Atkinson is just one of many within the OR department who understands the value in teaching operations research practices to men and women who already have significant leadership skills and often a background in the application of the concepts being taught. NPS OR military faculty member Cmdr. Walt DeGrange has had the dual perspective of time as both a student and faculty member at NPS. He graduated from the OR department in 2005, and returned in 2011 to teach in the department. He sees every day the fresh ideas and perspectives that the students bring to the classroom.

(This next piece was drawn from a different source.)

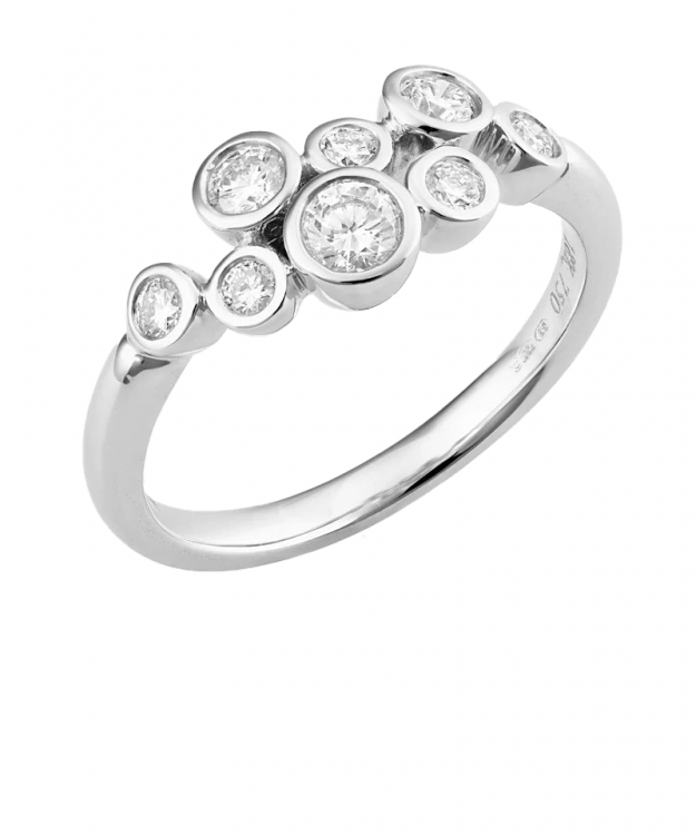Platinum and brilliant cut diamond "bubble" style ring by Sheldon Bloomfield. The diamonds are G in colour SI1 in clarity and a total of 0.52cts in weight.

“One of the things that sets us apart is the leadership aspect,” said DeGrange. “That’s inherent in our students.  Other programs have to address questions of how to teach leadership … Our students have leadership skills before they get here.”

The students who enter the OR department already have an idea of some of the challenges facing the Soldiers, Sailors, Airmen and Marines around the world. This understanding often translates into applicable research through their thesis work.

“The thesis is an essential part of producing a good practitioner,” explained Dell. “It’s really about making sure that students are working on those projects that are relevant to the military. And by the nature of our students, it’s hard not to do that. They really do work on problems that are going to have an impact.”

Dell noted that the purpose of acknowledging the best practices of exemplary OR programs around the world is to help guide other universities with new or growing operations research departments. While universities can’t necessarily change the student population, which, at NPS, is largely U.S. and international military, there are other factors that can be emulated. Applied research, for example, is a cornerstone of NPS’ OR academics.  

Some of the department’s research projects and assets were outlined in the department’s nomination packet for the Smith Prize. Among them is a study exploring the optimal sleep schedule for sailors at sea, a Replenishment at Sea Planner, theater ballistic missile defense, and steaming on convex hulls. Many of the department’s graduates will serve as leaders and decisions makers within their communities following graduation, making their understanding of operations research even more valuable.

“As a department, we focus on our students' operations research competency because in their line of business, lives depend on ‘getting it right’ like in no other business,” read the team’s nomination packet. “The problems they are expected to solve are not academic exercises, nor is the cost of getting it wrong restricted to just the corporate bottom line.”

The Smith Prize, now in its second year and awarded by INFORMS, is named in honor of the late Chief Executive Officer for UPS, a strong supporter of operations research. The award is intended to support the collaboration between industry and academia to further OR practices.